Surgical treatment has been the most effective treatment of obesity as other treatment options have failed to achieve significant weight loss and reversal of obesity associated disease conditions. These surgeries are either restrictive, malabsorptive or both. The conditional operations reduce the size of the stomach either permanently or reversibly to limit food intake. Malabsorptive operations, on the other hand, reduce nutrient absorption.
Gastric sleeve surgery has been one of the most performed bariatric surgeries in recent times. It is a restrictive surgery where the stomach is reduced in capacity with subsequent reduction in food intake as the feeling of satiety comes early during the meal. This procedure was initially performed as the first stage of duodenal switch, but now commonly done as a single procedure for weight loss.
The patient can be expected to lose about 40-78% of the excess weight for the first 1-2 years after the surgery. This is achievable only if complemented with healthy dietary habit and exercise. Other benefits include the reversal of obesity associated disease conditions such as hypertension, diabetes, and fertility improvement in females.
Cause of Gastric Sleeve Failure
However, some patients may experience persistent side effects such as reflux or suboptimal weight loss or weight gain after the initial loss. This is most often due to stretching and dilatation of the stomach with a subsequent increase in food intake. Stretching is the result of non-compliance with the dietary plan. This problem can be addressed by either a pouch reset or revision surgeries.
Pouch reset is a way of trying to return the stomach to the size it was after surgery by going back to the immediate postoperative diet. However, the effectiveness of this is still a subject of debate among scholars.
Gastric Sleeve Revisional Surgeries
Gastric sleeve revision surgeries are other bariatric surgeries that may be done to achieve additional weight loss if gastric sleeve surgery failed to make the expected weight loss. They may be restrictive, malabsorptive or both. These operations include re-sleeve, duodenal switch, and gastric bypass.
These surgeries have their associated complications, and thus, the proper evaluation must be done to ascertain if you are fit for the surgery. Some are done laparoscopically while others are done by open surgery.

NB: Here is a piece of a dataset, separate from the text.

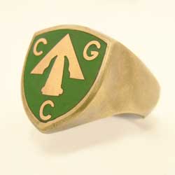 To the right is a photo of the same ring in bronze which has been customized by the addition of the letters CGC to indicate that the wearer is a Companion of the Greenwood Company.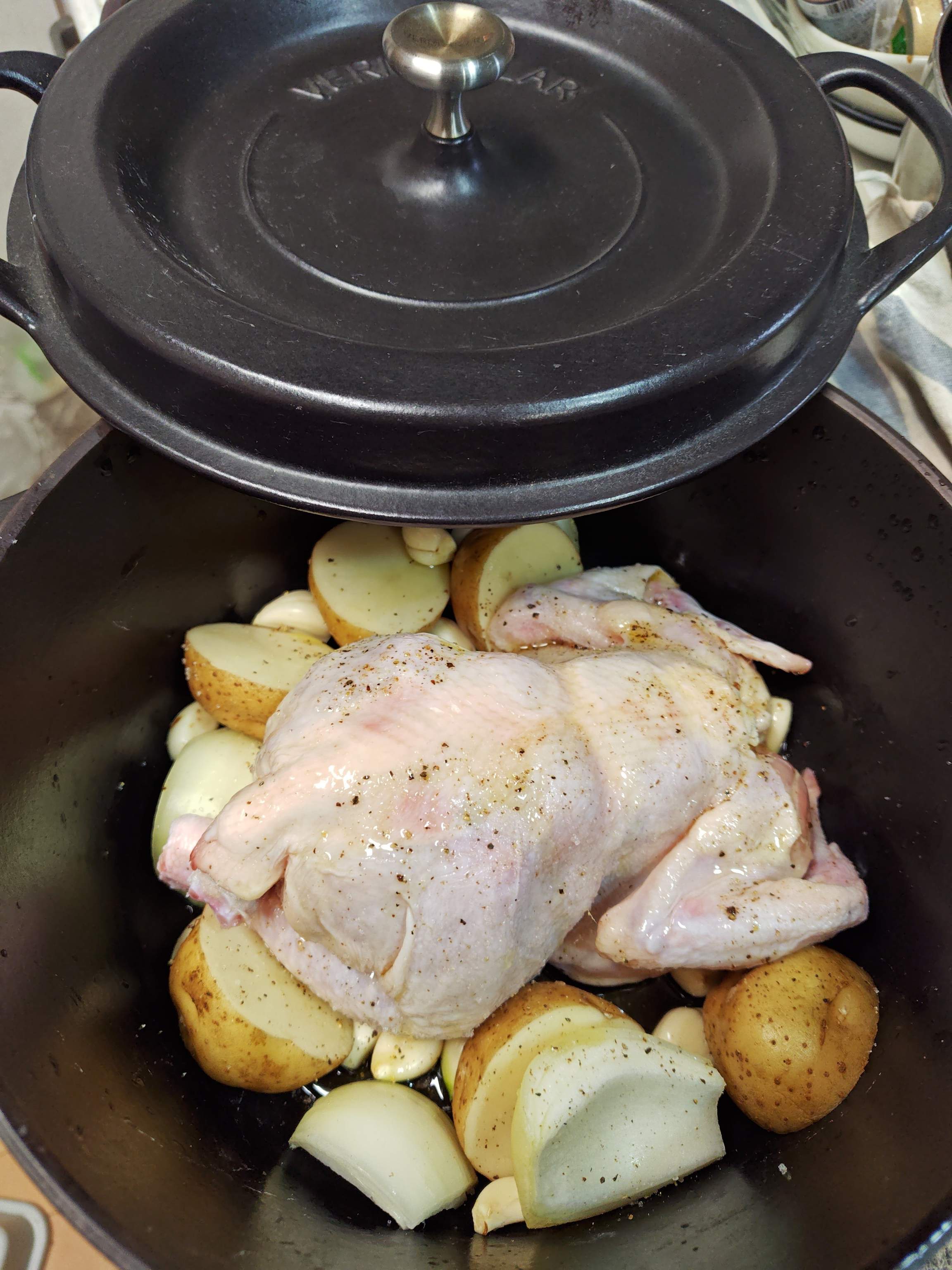 オーブンに入れている丸鶏の仕上がり時間を気にしながら

Re-sleeve surgery is similar to the original gastric sleeve surgery. It involves resection of the dilated stomach to leave a sleeve shaped portion of the desired size. This surgery is done laparoscopically and is relatively safe compared to other revision surgeries.
A study reported a decrease in BMI from an average of 38.9kg/m2 to 32.2kg/m2 in those that had re-sleeve gastrectomy one-year post-surgery. The percentage excess weight loss also increased from an average of 25.3% to 56.3%. Complete resolution of joint and sleep problems were recorded while significant improvement was noticed in those with hypertension and diabetes as evidenced by a reduction in their blood pressure and glycated hemoglobin (HbA1c).
Gastric Bypass Surgery
The laparoscopic Roux-en-Y gastric bypass is another bariatric surgery that can be done when gastric sleeve fails. There is a malabsorptive component in addition to the restrictive mechanism. An upper pouch of the stomach (50ml) is created from the dilated stomach with the use of staples. This small pouch is the limiting component.
The small intestine is then divided at about 45cm from the stomach. The lower end of the divider is then connected to the pouch while the upper end is attached to the small intestine 100cm below the point of divide. This significantly reduces nutrient absorption.
The expected weight loss is the same as for primary gastric bypass surgery. However, the complications of gastric bypass such as dumping syndrome, dehydration, gallstone formation must be anticipated and promptly treated.
Duodenal switch (biliopancreatic diversion with duodenal switch) is a complicated and expensive bariatric surgery that may be done as a primary procedure or as a revision surgery for a failed gastric sleeve. It has both restrictive and malabsorptive components. The limiting element is a sleeve gastrectomy.
As a revision surgery, the stomach may be resected (a form of re-sleeve) followed by intestinal refashioning. The refashioning is in such a way that the bile and pancreatic juice come in contact with the food at the very distal end of the small intestine. Since most of the absorptive surface of the small intestine would have been bypassed at this point, only small amount of the nutrients will be absorbed. Another adjunct to this surgery is the removal of the gallbladder. This helps prevent the complication of gallstone formation. In a review carried out by Buchwald et al. a significant reduction of 73% in body mass index at 24months post-surgery was found.4
In conclusion, gastric sleeve revision surgery becomes necessary after gastric sleeve surgery when an individual failed to lose weight as expected or regain the already lost weight. Available options include re- sleeve, gastric bypass, and duodenal switch. These procedures have their complications, and proper evaluation must be done to determine the safest for you.